The mixture can be heated to a much lower temperature, but not so much Extensive liberation of the material thus obtained from volatile components makes the Preservation of the infusibility of the fibers prior to charring, necessary oxidation treatments more difficult.

The product obtained by this treatment is then spun onto it by any means oxidized and charred in a manner known per se.

The following examples illustrate the invention.

example 1

A high-temperature coal tar pitch with the following characteristics was used:

Kraemcr-Sarnow point 80 "C density 1.32 g / cm ¹ volatile components in accordance with the ATIC-02-60 standard) 64.3% Elemental analysis in wt.% carbon 93.02 hydrogen 4.45 oxygen 1.5 nitrogen 0.7 sulfur 0.3

This tar pitch was previously at 190 ° C over a Bronze filter with a mean pore opening of 2 μ has been filtered to remove the naturally contained solid and pseudo-solid particles.

After adding K)% by weight of high-density polyethylene with a melt index of 4, this mixture became brought to 420 ° C with constant stirring at a heating rate of 3 ° C per minute; the Volatile substances released were removed with a stream of nitrogen with a throughput of 3 l / min.

The product obtained became a thread at 204 "C with a drawing speed of 450 m / min drawn.

The whole thing was in an oven and was subjected to the following working conditions:

"from room temperature to 250" C in
Presence of air at 0.5 ° C / min
from 250 ° to 700 ° C in the presence
of nitrogen without oxygen
0.5 ° C / min

^bü from 700 ° to 1000 ° C at 2 ° C / min

all in all

7.5 h

15 h

2.5 h

25 h

The oven is then allowed to cool naturally.

The mechanical properties of the obtained carbon fibers were measured using an Instroni tester measured under the following conditions

Length of the specimen
Drawing speed

50 mm
0.05 cm / min

An average tensile strength of 55 kg / mm ^: and an average Young's modulus of 4200 kg / mm for an average diameter of 30 μ were measured.

These values are mean values from seven measurements on different threads.
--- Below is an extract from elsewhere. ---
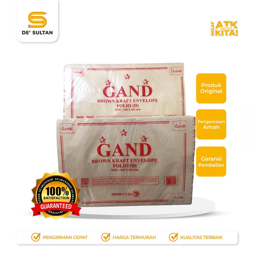 Amplop coklat folio dari Gand ini cocok untuk kebutuhan pengiriman dokumen penting. Satu pack berisi cukup amplop dengan kualitas yang tahan lama dan aman untuk dokumen.

The overall yield of the including filtration, devolatilization, spinning, oxidation and char Operations was 65%.

Example 2

The working conditions were identical to those in Example 1, except that the polyethylene was replaced by polybicyclo [2.2.1] -hepten-2 replaced (F. W. Michelotti and W. P. Keaveney, J. Polymer Sci., A, 3, | 1965], 895).

A tensile strength of 150 kg / mm and a Young's modulus of 11,960 kg / mm ² for a diameter of 30 μ were measured for the carbon fibers produced in this way.

The overall yield from the operations mentioned in Example 1 was 66%.

Example 3

The working conditions were identical to those in Example 1, only the polyethylene was replaced by polystyrene replaced.

The carbon fibers thus produced had a tensile strength of 60 kg / mnv and a Young's modulus of 4600 kg / mm ² for a diameter of 30 μ.

The overall yield from the operations described in Example 1 was 64%.

Example 4

The working conditions were identical to those in Example 1, but here the tar pitch did not contain any Additive.

The carbon fibers thus produced had a tensile strength of 24 kg / mm ^: and a Young's modulus of 3300 kg / mm "for a diameter of 30 μm.

The overall yield from the operations carried out as described in Example 1 was 61%.

The comparison of the above properties with those of the invention, as in Examples 1 to 3 obtained fibers shows clear advantages of the invention.

Claims (3)

Patent claims: 1. Process for the production of carbon fibers from a strongly aromatic distillation residue, such as Steink-ihlenteerpech, whereby one subjecting the distillation residue to thermal treatment at a moderate temperature, then the product treated in this way is spun and the threads obtained are oxidized and then one Subjecting to charring, characterized in that a hydrocarbon polymer is added to the starting material before or during the thermal treatment phase preceding the spinning clogs. 2. The method according to claim 1, characterized in that the hydrocarbon polymers are Polyethylene, polypropylene, polystyrene, polybicyclo [2.2.1] hepten-2 or a natural one or artificial rubber is used. 3. The method according to claim 1 or 2, characterized in that the thermal treatment, which precedes the spinning, before the occurrence of the anisotropic phase or at the beginning the occurrence of the anisotropic phase stops.